## Work required
In your copy, the records appear word for word and the pictures do not appear at all.
----
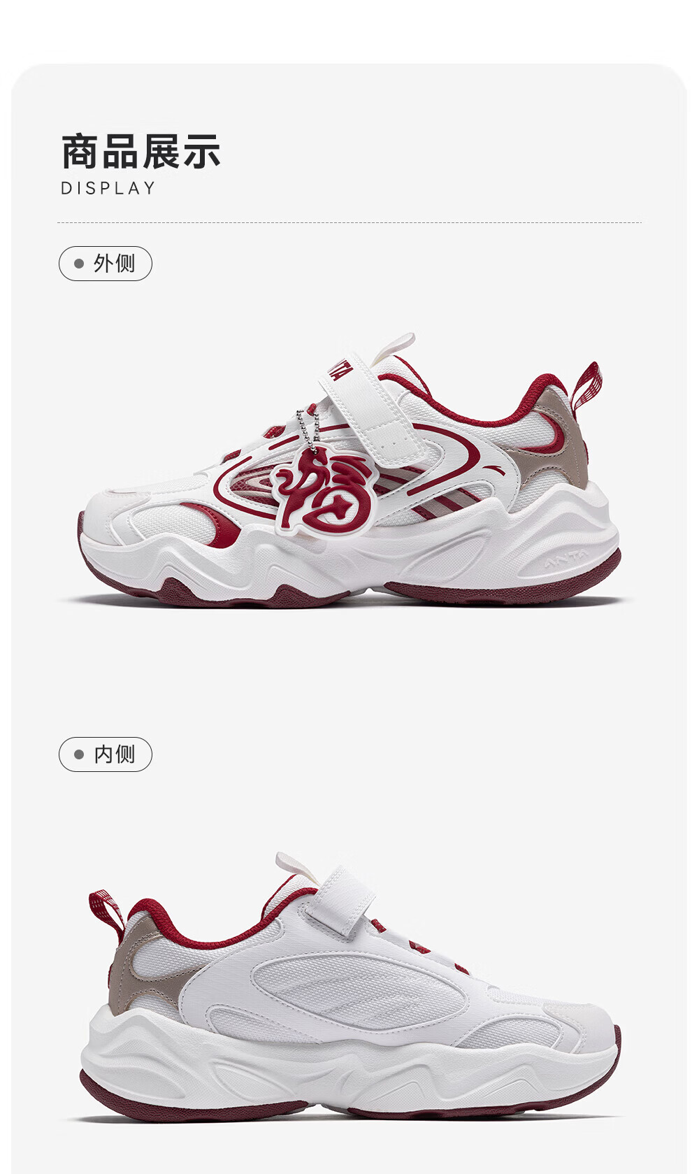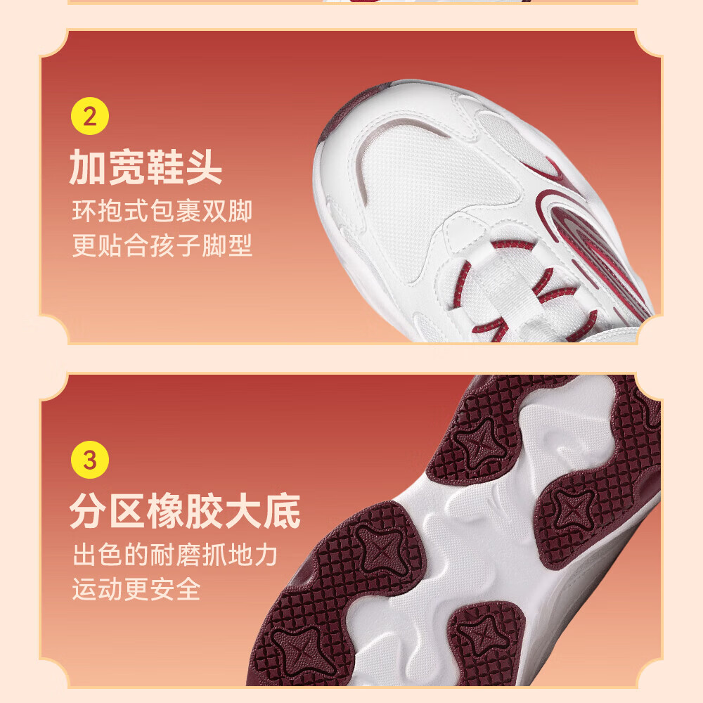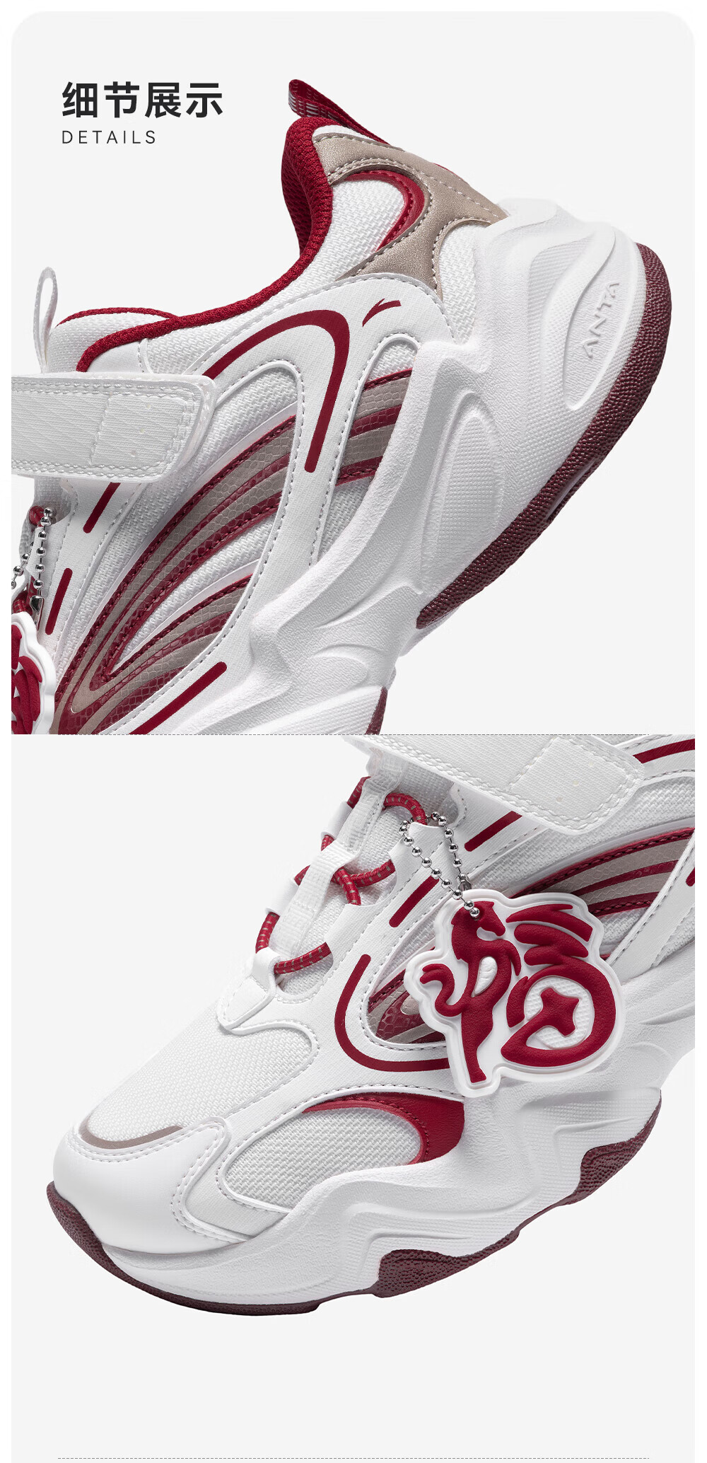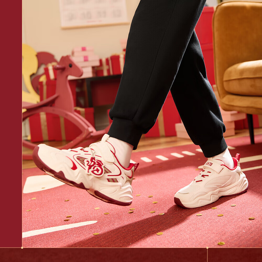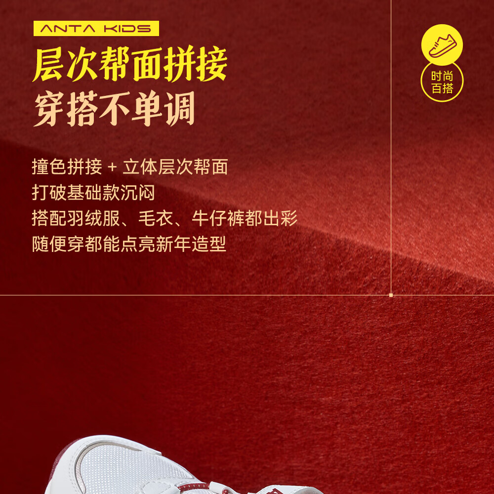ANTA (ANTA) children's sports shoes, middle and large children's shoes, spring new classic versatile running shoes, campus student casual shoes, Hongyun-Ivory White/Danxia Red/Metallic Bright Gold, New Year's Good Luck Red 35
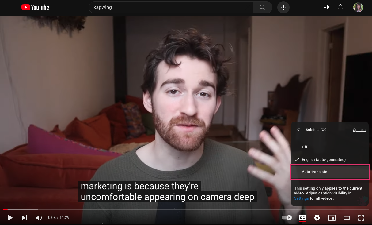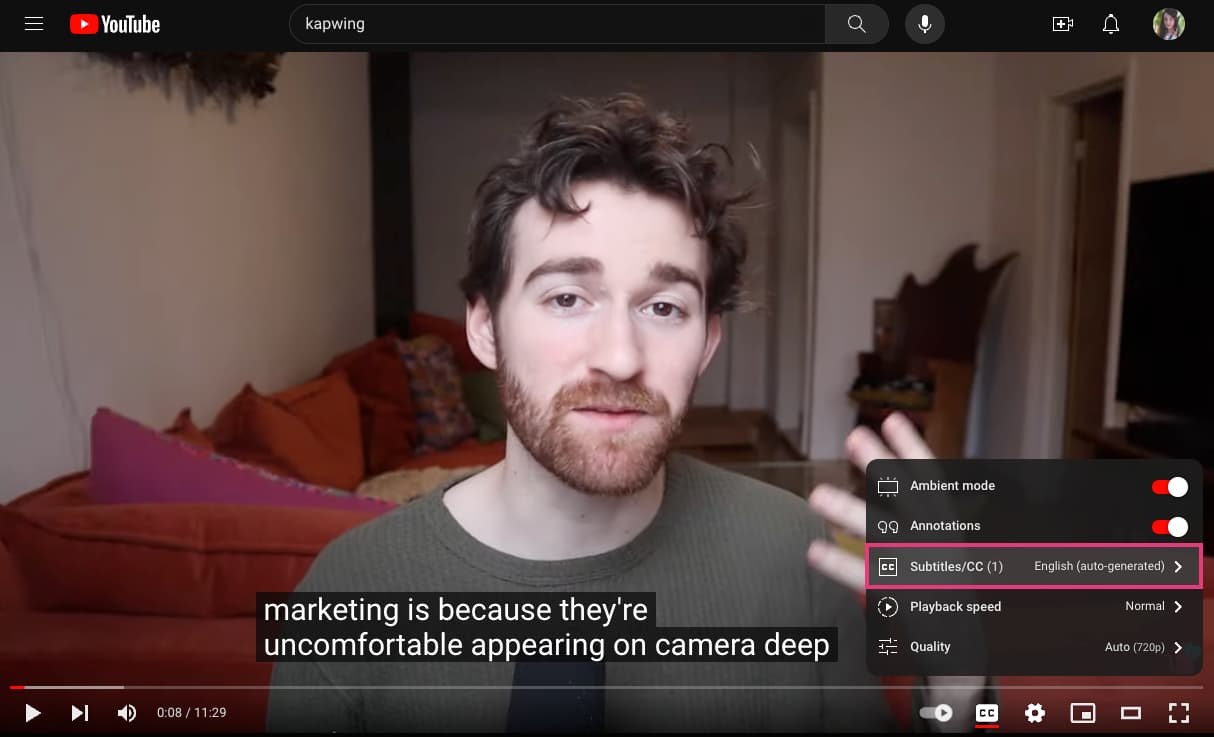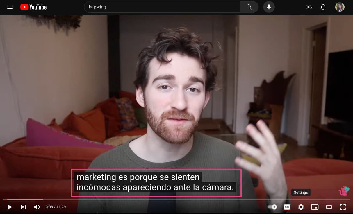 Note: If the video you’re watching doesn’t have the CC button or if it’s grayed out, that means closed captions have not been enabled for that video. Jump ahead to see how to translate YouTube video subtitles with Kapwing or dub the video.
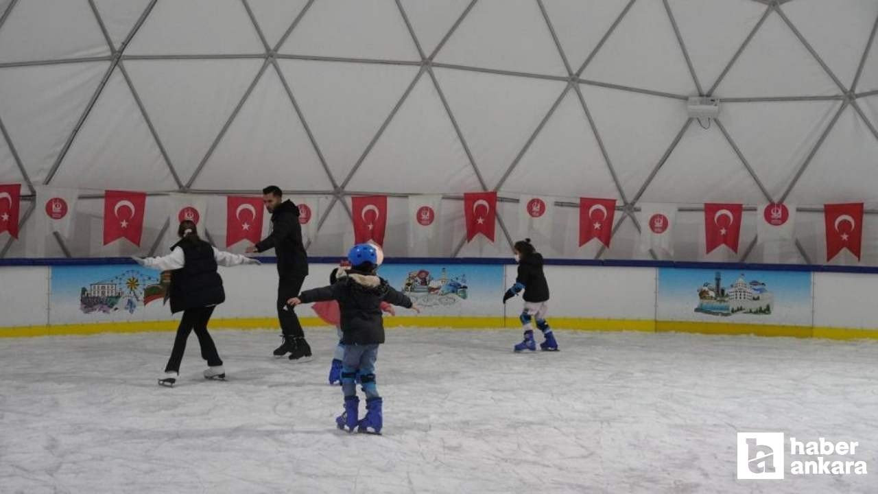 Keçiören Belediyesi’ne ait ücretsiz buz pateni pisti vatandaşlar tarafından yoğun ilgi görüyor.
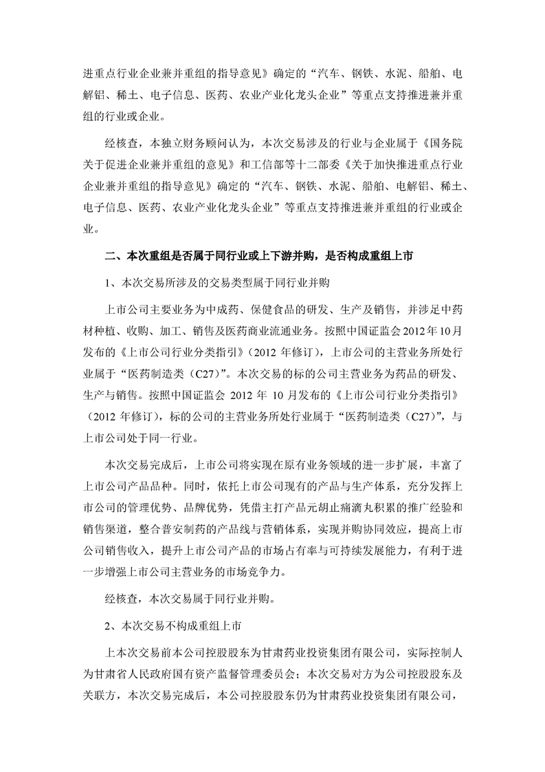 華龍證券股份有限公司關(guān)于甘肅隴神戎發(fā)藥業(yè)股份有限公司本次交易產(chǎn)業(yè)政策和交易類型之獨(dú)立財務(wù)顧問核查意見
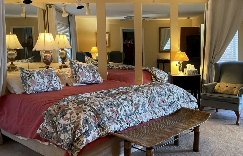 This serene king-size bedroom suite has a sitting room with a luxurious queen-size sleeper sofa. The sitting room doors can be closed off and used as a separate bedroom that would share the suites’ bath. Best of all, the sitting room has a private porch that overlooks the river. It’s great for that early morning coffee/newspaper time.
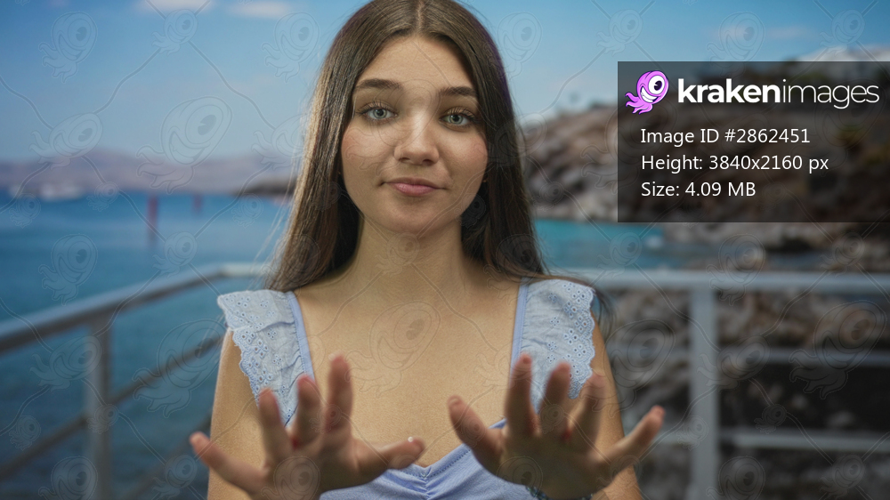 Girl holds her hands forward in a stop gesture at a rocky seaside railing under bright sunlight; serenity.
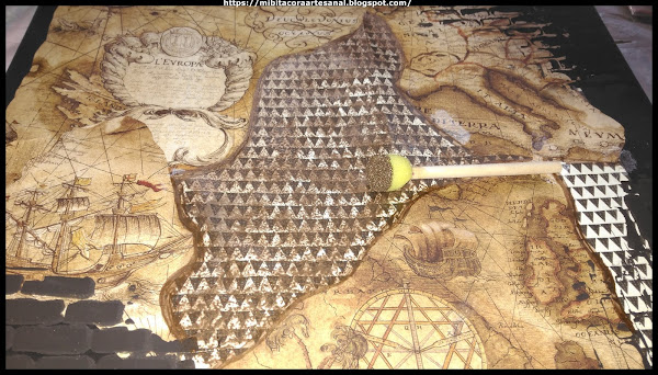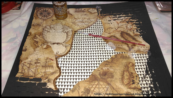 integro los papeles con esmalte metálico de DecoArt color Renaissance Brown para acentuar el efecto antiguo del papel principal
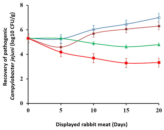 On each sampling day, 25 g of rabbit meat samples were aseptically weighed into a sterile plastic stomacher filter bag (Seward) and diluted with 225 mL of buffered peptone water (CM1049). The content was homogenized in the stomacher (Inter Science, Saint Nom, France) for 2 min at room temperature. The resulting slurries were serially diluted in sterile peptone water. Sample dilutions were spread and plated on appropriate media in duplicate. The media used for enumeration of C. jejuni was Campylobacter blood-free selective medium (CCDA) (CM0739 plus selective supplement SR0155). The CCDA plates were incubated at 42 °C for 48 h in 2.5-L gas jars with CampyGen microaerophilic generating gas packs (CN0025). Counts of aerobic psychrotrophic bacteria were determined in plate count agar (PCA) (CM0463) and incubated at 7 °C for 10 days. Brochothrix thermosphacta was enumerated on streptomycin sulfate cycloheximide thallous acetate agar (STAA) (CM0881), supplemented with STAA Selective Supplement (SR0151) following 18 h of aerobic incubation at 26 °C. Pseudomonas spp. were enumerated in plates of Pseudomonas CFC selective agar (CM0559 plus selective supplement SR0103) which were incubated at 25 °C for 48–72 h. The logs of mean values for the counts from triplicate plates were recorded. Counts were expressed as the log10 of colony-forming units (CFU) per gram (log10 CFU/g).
----
## Response to this task
ANTA (ANTA) children's sports shoes, middle and large children's shoes, spring new classic versatile running shoes, campus student casual shoes, Hongyun-Ivory White/Danxia Red/Metallic Bright Gold, New Year's Good Luck Red 35
 Note: If the video you’re watching doesn’t have the CC button or if it’s grayed out, that means closed captions have not been enabled for that video. Jump ahead to see how to translate YouTube video subtitles with Kapwing or dub the video.
 Keçiören Belediyesi’ne ait ücretsiz buz pateni pisti vatandaşlar tarafından yoğun ilgi görüyor.
 華龍證券股份有限公司關(guān)于甘肅隴神戎發(fā)藥業(yè)股份有限公司本次交易產(chǎn)業(yè)政策和交易類型之獨(dú)立財務(wù)顧問核查意見
 This serene king-size bedroom suite has a sitting room with a luxurious queen-size sleeper sofa. The sitting room doors can be closed off and used as a separate bedroom that would share the suites’ bath. Best of all, the sitting room has a private porch that overlooks the river. It’s great for that early morning coffee/newspaper time.
 Girl holds her hands forward in a stop gesture at a rocky seaside railing under bright sunlight; serenity.
 integro los papeles con esmalte metálico de DecoArt color Renaissance Brown para acentuar el efecto antiguo del papel principal
 On each sampling day, 25 g of rabbit meat samples were aseptically weighed into a sterile plastic stomacher filter bag (Seward) and diluted with 225 mL of buffered peptone water (CM1049). The content was homogenized in the stomacher (Inter Science, Saint Nom, France) for 2 min at room temperature. The resulting slurries were serially diluted in sterile peptone water. Sample dilutions were spread and plated on appropriate media in duplicate. The media used for enumeration of C. jejuni was Campylobacter blood-free selective medium (CCDA) (CM0739 plus selective supplement SR0155). The CCDA plates were incubated at 42 °C for 48 h in 2.5-L gas jars with CampyGen microaerophilic generating gas packs (CN0025). Counts of aerobic psychrotrophic bacteria were determined in plate count agar (PCA) (CM0463) and incubated at 7 °C for 10 days. Brochothrix thermosphacta was enumerated on streptomycin sulfate cycloheximide thallous acetate agar (STAA) (CM0881), supplemented with STAA Selective Supplement (SR0151) following 18 h of aerobic incubation at 26 °C. Pseudomonas spp. were enumerated in plates of Pseudomonas CFC selective agar (CM0559 plus selective supplement SR0103) which were incubated at 25 °C for 48–72 h. The logs of mean values for the counts from triplicate plates were recorded. Counts were expressed as the log10 of colony-forming units (CFU) per gram (log10 CFU/g).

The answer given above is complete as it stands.